[petsc-users] hypre on gpus
Karthikeyan Chockalingam - STFC UKRI
karthikeyan.chockalingam at stfc.ac.uk
Mon Nov 22 09:20:15 CST 2021
Thanks Stefano,
I have another build without the --download-hypre-commit=origin/hypre_petsc but that gives a different error.
[kchockalingam at glados tutorials]$ ./ex4 -ksp_view -ksp_type cg -mat_type hypre -pc_type hypre
[0]PETSC ERROR: --------------------- Error Message --------------------------------------------------------------
[0]PETSC ERROR: Error in external library
[0]PETSC ERROR: Error in HYPRE_IJMatrixAssemble(): error code 12
[0]PETSC ERROR: See https://www.mcs.anl.gov/petsc/documentation/faq.html for trouble shooting.
[0]PETSC ERROR: Petsc Release Version 3.15.3, Aug 06, 2021
[0]PETSC ERROR: ./ex4 on a named glados.dl.ac.uk by kchockalingam Mon Nov 22 15:07:46 2021
[0]PETSC ERROR: Configure options --package-prefix-hash=/home/kchockalingam/petsc-hash-pkgs --with-make-test-np=2 COPTFLAGS="-g -O3 -fno-omit-frame-pointer" FOPTFLAGS="-g -O3 -fno-omit-frame-pointer" CXXOPTFLAGS="-g -O3 -fno-omit-frame-pointer" --with-cuda=1 --with-cuda-arch=70 --with-blaslapack=1 --with-cuda-dir=/apps/packages/cuda/10.1/ --with-mpi-dir=/apps/packages/gcc/7.3.0/openmpi/3.1.2 --download-hypre=1 --download-hypre-configure-arguments=HYPRE_CUDA_SM=70 --with-debugging=no PETSC_ARCH=arch-ci-linux-cuda11-double
[0]PETSC ERROR: #1 MatAssemblyEnd_HYPRE() at /home/kchockalingam/tools/petsc-3.15.3/src/mat/impls/hypre/mhypre.c:1212
[0]PETSC ERROR: #2 MatAssemblyEnd() at /home/kchockalingam/tools/petsc-3.15.3/src/mat/interface/matrix.c:5652
[0]PETSC ERROR: #3 main() at ex4.c:84
[0]PETSC ERROR: PETSc Option Table entries:
[0]PETSC ERROR: -ksp_type cg
[0]PETSC ERROR: -ksp_view
[0]PETSC ERROR: -mat_type hypre
[0]PETSC ERROR: -pc_type hypre
[0]PETSC ERROR: ----------------End of Error Message -------send entire error message to petsc-maint at mcs.anl.gov----------
From: Stefano Zampini <stefano.zampini at gmail.com>
Date: Monday, 22 November 2021 at 14:46
To: Matthew Knepley <knepley at gmail.com>
Cc: "Chockalingam, Karthikeyan (STFC,DL,HC)" <karthikeyan.chockalingam at stfc.ac.uk>, "petsc-users at mcs.anl.gov" <petsc-users at mcs.anl.gov>
Subject: Re: [petsc-users] hypre on gpus
You don't need to specify the HYPRE commit.
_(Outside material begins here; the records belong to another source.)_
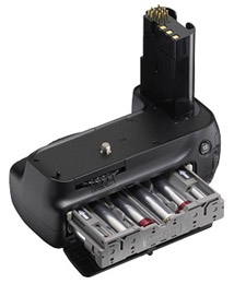 Батарейный блок для цифровых зеркалиных фотокамер Nikon D80. В нем используются или шесть АА батареек, или 2 аккумулятора EN-EL3e.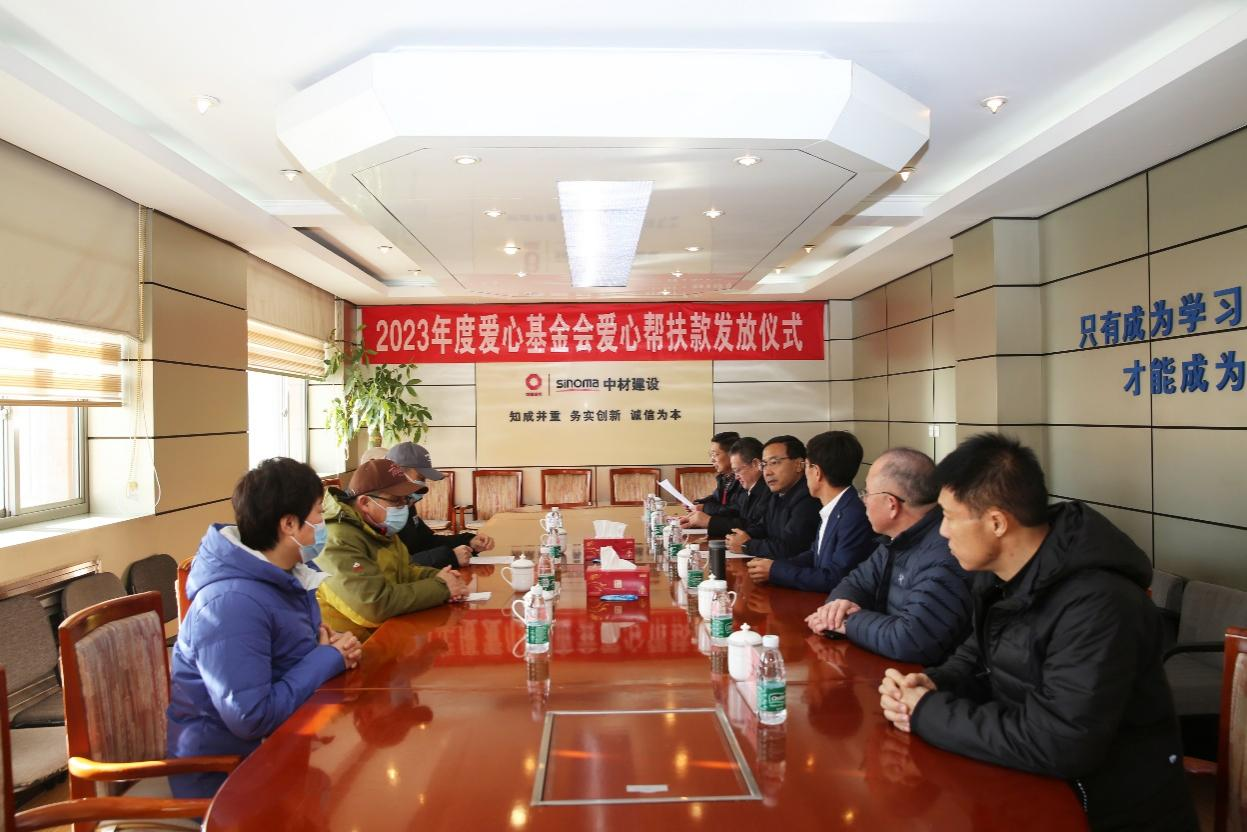 凝聚爱心力量,传递真情温暖。1月25日,中材建设在唐山举行2023年度爱心基金会爱心帮扶款发放仪式,中材建设党委书记、总经理张思才,党委副书记刘剑英,总经济师、工会主席、爱心基金会理事长刘贞华及在唐理事,接受帮扶的会员代表参加仪式。仪式由工会副主席、爱心基金会理事侯运栋主持。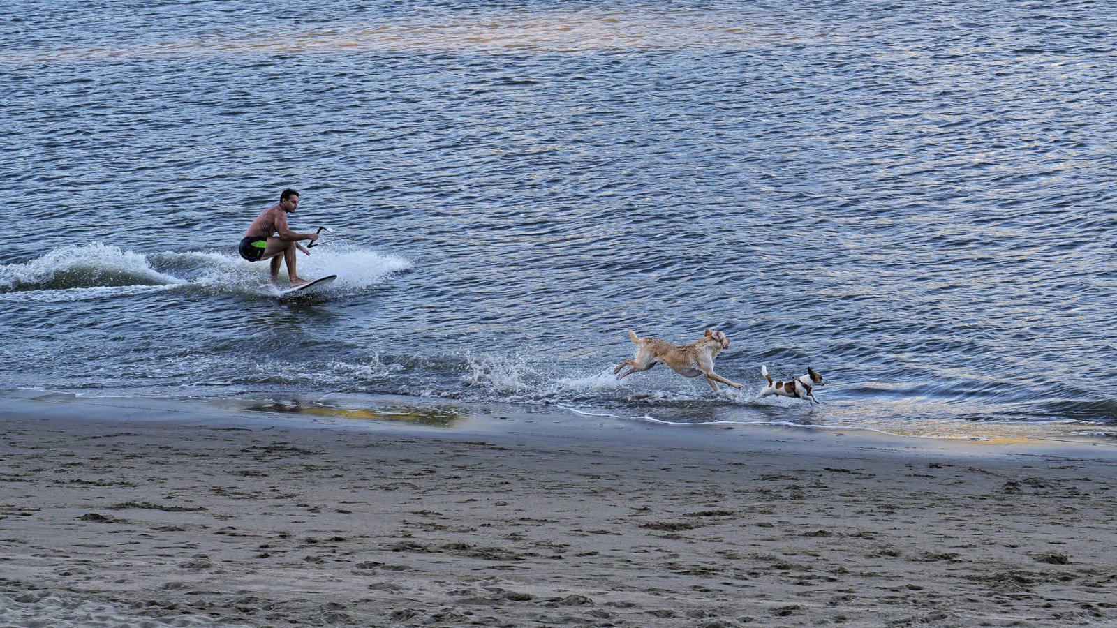 This lively moment captures a man skillfully surfing in shallow water as two dogs joyfully run alongside him on the sandy beach during sunset.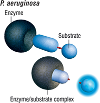 The test is based on a bacterial enzyme detection technology that signals the presence of P. aeruginosa through the hydrolysis of a substrate in the Pseudalert reagent. P. aeruginosa cells rapidly grow and reproduce using the rich supply of amino acids, vitamins, and other nutrients present in the Pseudalert reagent. Actively growing strains of P. aeruginosa have an enzyme that cleaves the substrate in the reagent to produce blue fluorescence under ultraviolet light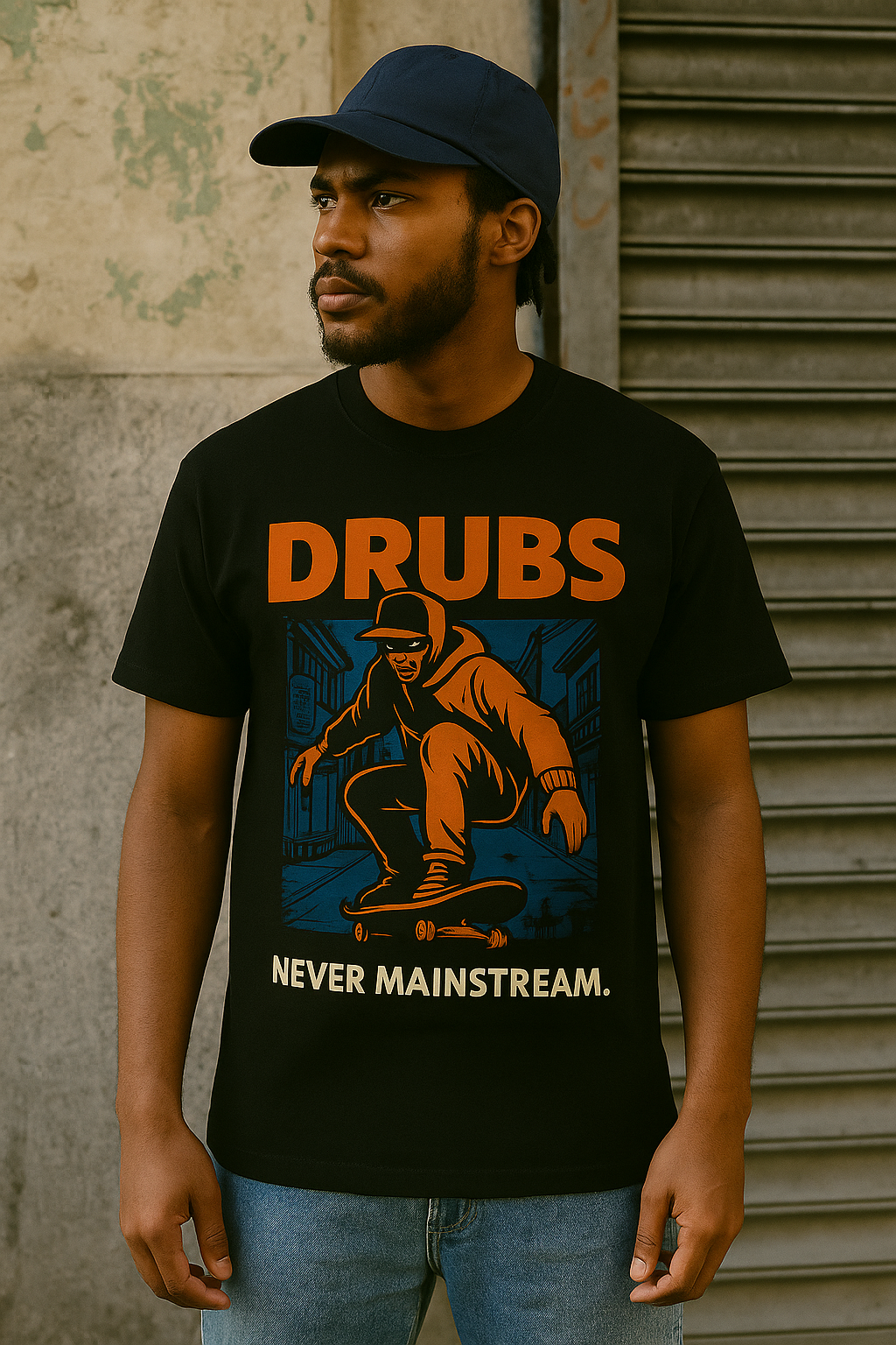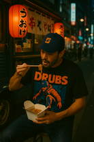 Visuel audacieux et graphique inspiré du skate et des ruelles japonaises. L'illustration dynamique du rider incarne l'attitude rebelle et underground de la street culture. Imprimé dos impactant, logo DRUBS orange intense. A porter de jour comme de nuit, entre ramen et freestyle.

Remove --download-hypre-commit=origin/hypre_petsc from the configuration options
Il giorno lun 22 nov 2021 alle ore 17:29 Matthew Knepley <knepley at gmail.com<mailto:knepley at gmail.com>> ha scritto:
On Mon, Nov 22, 2021 at 8:50 AM Karthikeyan Chockalingam - STFC UKRI <karthikeyan.chockalingam at stfc.ac.uk<mailto:karthikeyan.chockalingam at stfc.ac.uk>> wrote:
Hi Matt,
Below is the entire error message:
I cannot reproduce this:
main $:/PETSc3/petsc/petsc-dev/src/ksp/ksp/tutorials$ ./ex4 -ksp_view -ksp_type cg -mat_type hypre -pc_type hypre
KSP Object: 1 MPI processes
type: cg
maximum iterations=10000, initial guess is zero
tolerances: relative=0.000138889, absolute=1e-50, divergence=10000.
left preconditioning
using PRECONDITIONED norm type for convergence test
PC Object: 1 MPI processes
type: hypre
HYPRE BoomerAMG preconditioning
Cycle type V
Maximum number of levels 25
Maximum number of iterations PER hypre call 1
Convergence tolerance PER hypre call 0.
Threshold for strong coupling 0.25
Interpolation truncation factor 0.
Interpolation: max elements per row 0
Number of levels of aggressive coarsening 0
Number of paths for aggressive coarsening 1
Maximum row sums 0.9
Sweeps down 1
Sweeps up 1
Sweeps on coarse 1
Relax down symmetric-SOR/Jacobi
Relax up symmetric-SOR/Jacobi
Relax on coarse Gaussian-elimination
Relax weight (all) 1.
Outer relax weight (all) 1.
Using CF-relaxation
Not using more complex smoothers.
Measure type local
Coarsen type Falgout
Interpolation type classical
linear system matrix = precond matrix:
Mat Object: 1 MPI processes
type: hypre
rows=56, cols=56
Norm of error 8.69801e-05 iterations 2
This is on the 'main' branch. So either there is some bug in release, or something is strange on your end. Since we run Hypre tests for the CI,
I am leaning toward the latter. Can you try the 'main' branch? We will have to use this anyway if we want any fixes.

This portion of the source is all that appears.